The garage should never have windows, but if it does, cover them with curtains or no-see-through material. If the garage door has windows, include them as well.  You want to make it so no one can look in and see if your car is there-- or gone. Windows in the garage door make it easy for a thief to run a wire coat hanger through the frame of the garage door and see in while he fidgets the emergency release lever.  Use a zip tie in the lever hole: you can still use the emergency release lever, but a thief can’t open it with a wire coat hanger even if he breaks the garage door glass.

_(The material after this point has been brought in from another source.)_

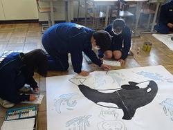 今回はモザイクアート係を覗いてきました。モザイクアート係は、本番前に練習をしておこうということでムツゴロウを作成しました。ハサミでまっすぐに切る、のりで指定された場所にきれいに貼るといった単純作業でしたが、皆とても楽しそうに活動をしていました。

If your garage windows are big enough to crawl through, there are many tutorials available on how to put do-it-yourself steel bars across them.

Keep the garage closed

When you’re home, keep your garage door closed. If you forget to shut it reasonably often, put a timer on it that makes it close automatically after a certain amount of time.  One of the reasons you want to keep your garage door shut is that there are only a couple of elements which need to be in place to create a theft situation. Many of those situations follow a natural progression that looks like this:

1)      The homeowner doesn’t lock their car when they’re home.

2)      The garage door opener is in their car. Maybe clipped to the visor.

3)      The homeowner doesn’t usually lock the door between the house and garage.

4)      The homeowner leaves the car key somewhere just inside the door.

The thief can slip into a garage and snag that garage door opener right out of the car, maybe even while you’re carrying in your groceries!

When the homeowner tries to leave the next morning, he can’t find the opener. He’s in a hurry, so he grabs the spare, thinking the opener probably fell under the seat or the wife took it, or—he has a meeting in twenty minutes!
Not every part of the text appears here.